This task asks for the lines from the one with "原配爆料,该女教师插足其婚姻" to the final line below, repeated exactly, with pictures omitted.

▸ **Dataset excerpt**:
———

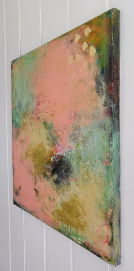Akrylmaling, tusch og farvekridt på lærred. Måler 50 x 50.
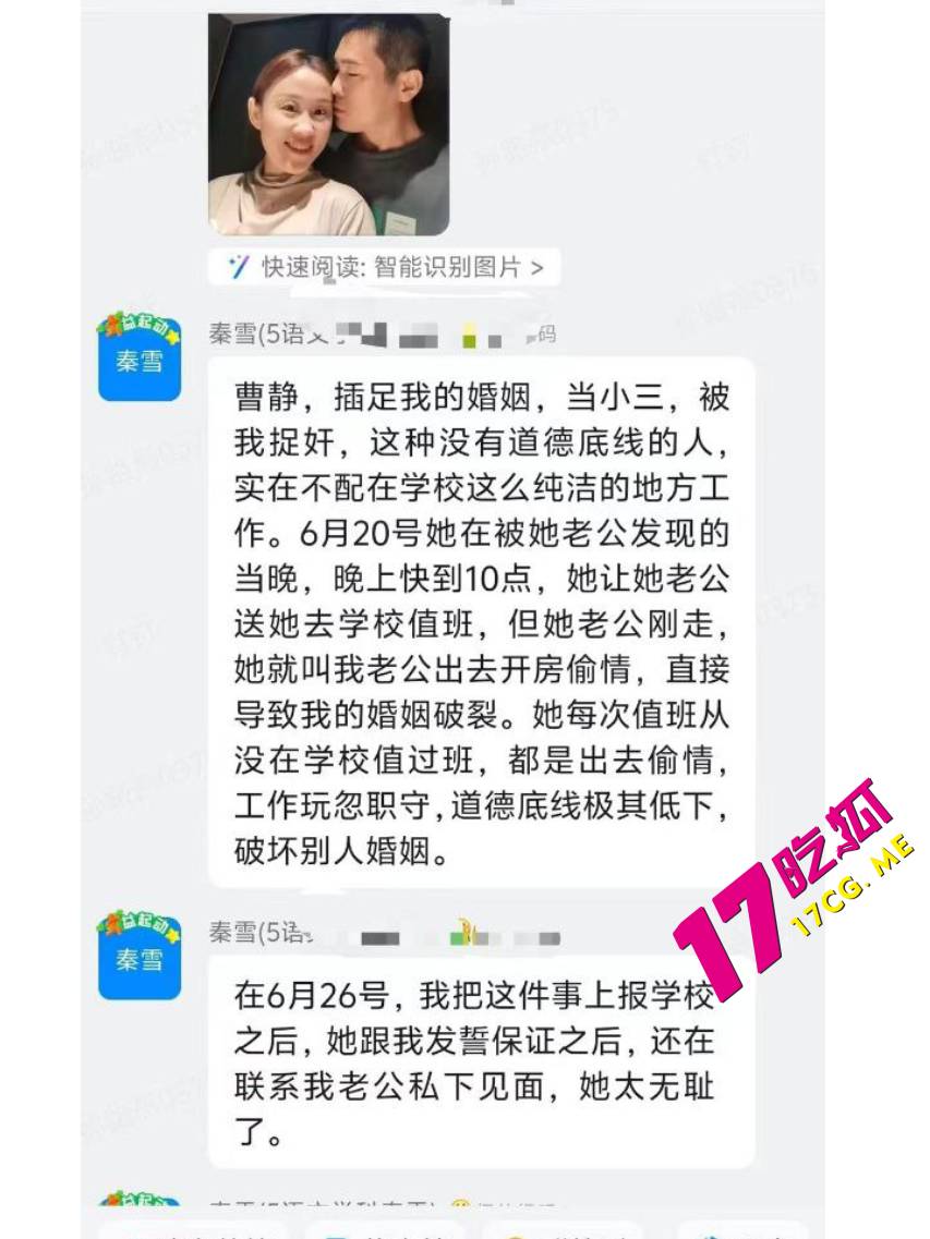 原配爆料,该女教师插足其婚姻当小三被捉奸,这种没有道德底线的人,实在不配在学校这么纯洁的地方工作。
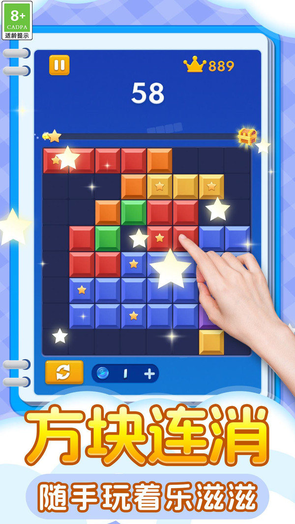 2、游戏反馈积极,方块消除时的视觉效果与成就感,能让玩家在随手操作中获得愉悦体验,缓解日常压力。
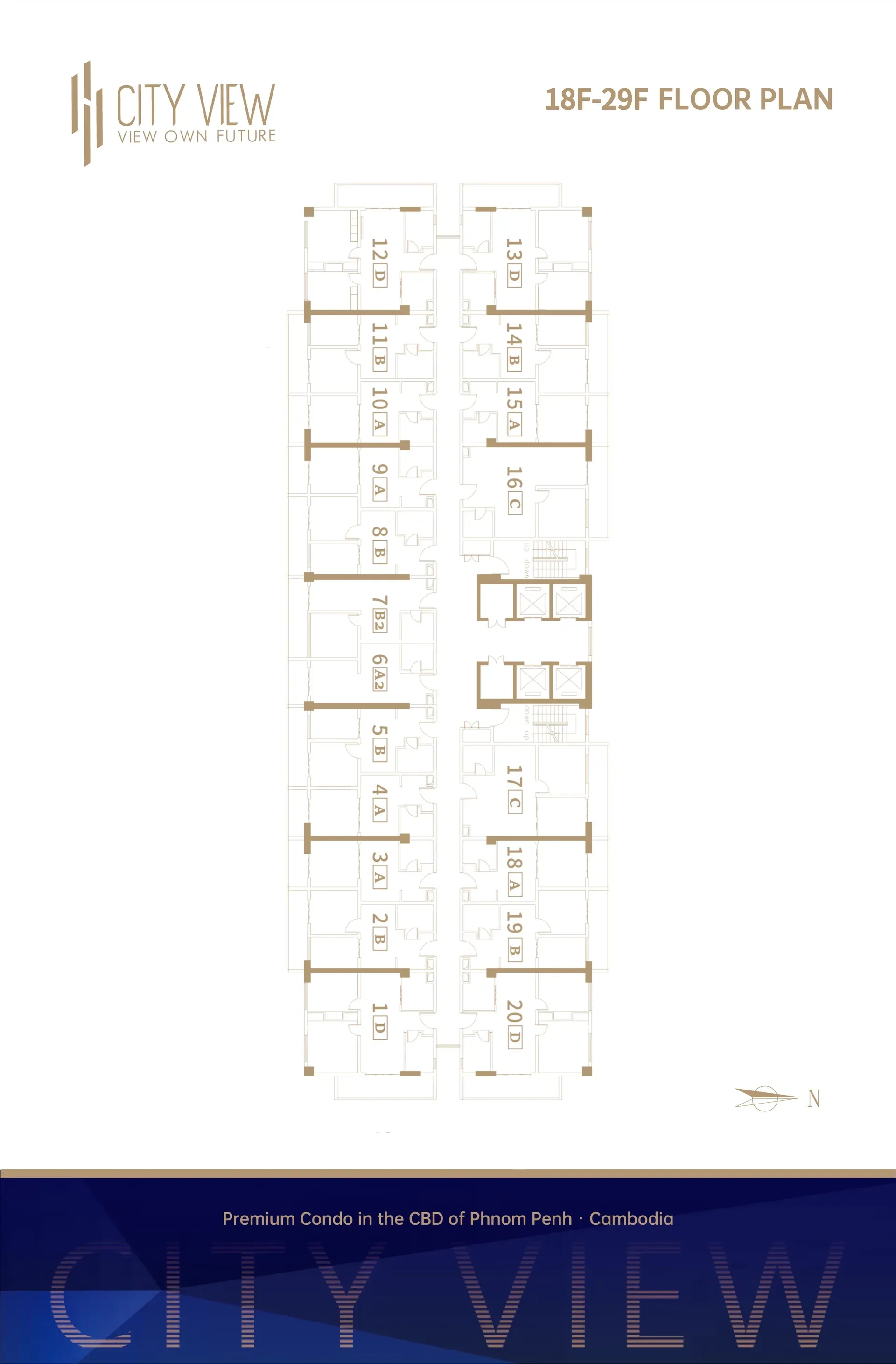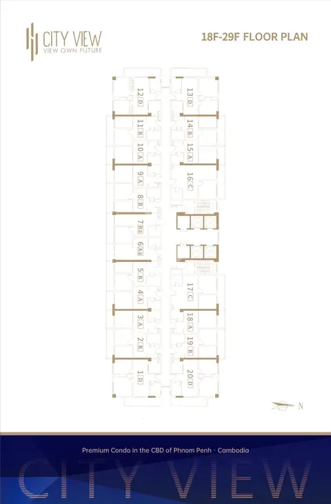 City View Residence is a modern 34-story condominium located in Phnom Penh City Center (PPCC), along Road 168, Village 1, Srah Chak Commune, Doun Penh District, Phnom Penh. Developed by Hua Jun Property Development Co., Ltd., this luxurious building offers a total of 476 units, including Studio and Two-Bedroom apartments, with sizes ranging from 40m² to 80m².

———

▸ **Answer to this task**:
 原配爆料,该女教师插足其婚姻当小三被捉奸,这种没有道德底线的人,实在不配在学校这么纯洁的地方工作。
 2、游戏反馈积极,方块消除时的视觉效果与成就感,能让玩家在随手操作中获得愉悦体验,缓解日常压力。
 City View Residence is a modern 34-story condominium located in Phnom Penh City Center (PPCC), along Road 168, Village 1, Srah Chak Commune, Doun Penh District, Phnom Penh. Developed by Hua Jun Property Development Co., Ltd., this luxurious building offers a total of 476 units, including Studio and Two-Bedroom apartments, with sizes ranging from 40m² to 80m².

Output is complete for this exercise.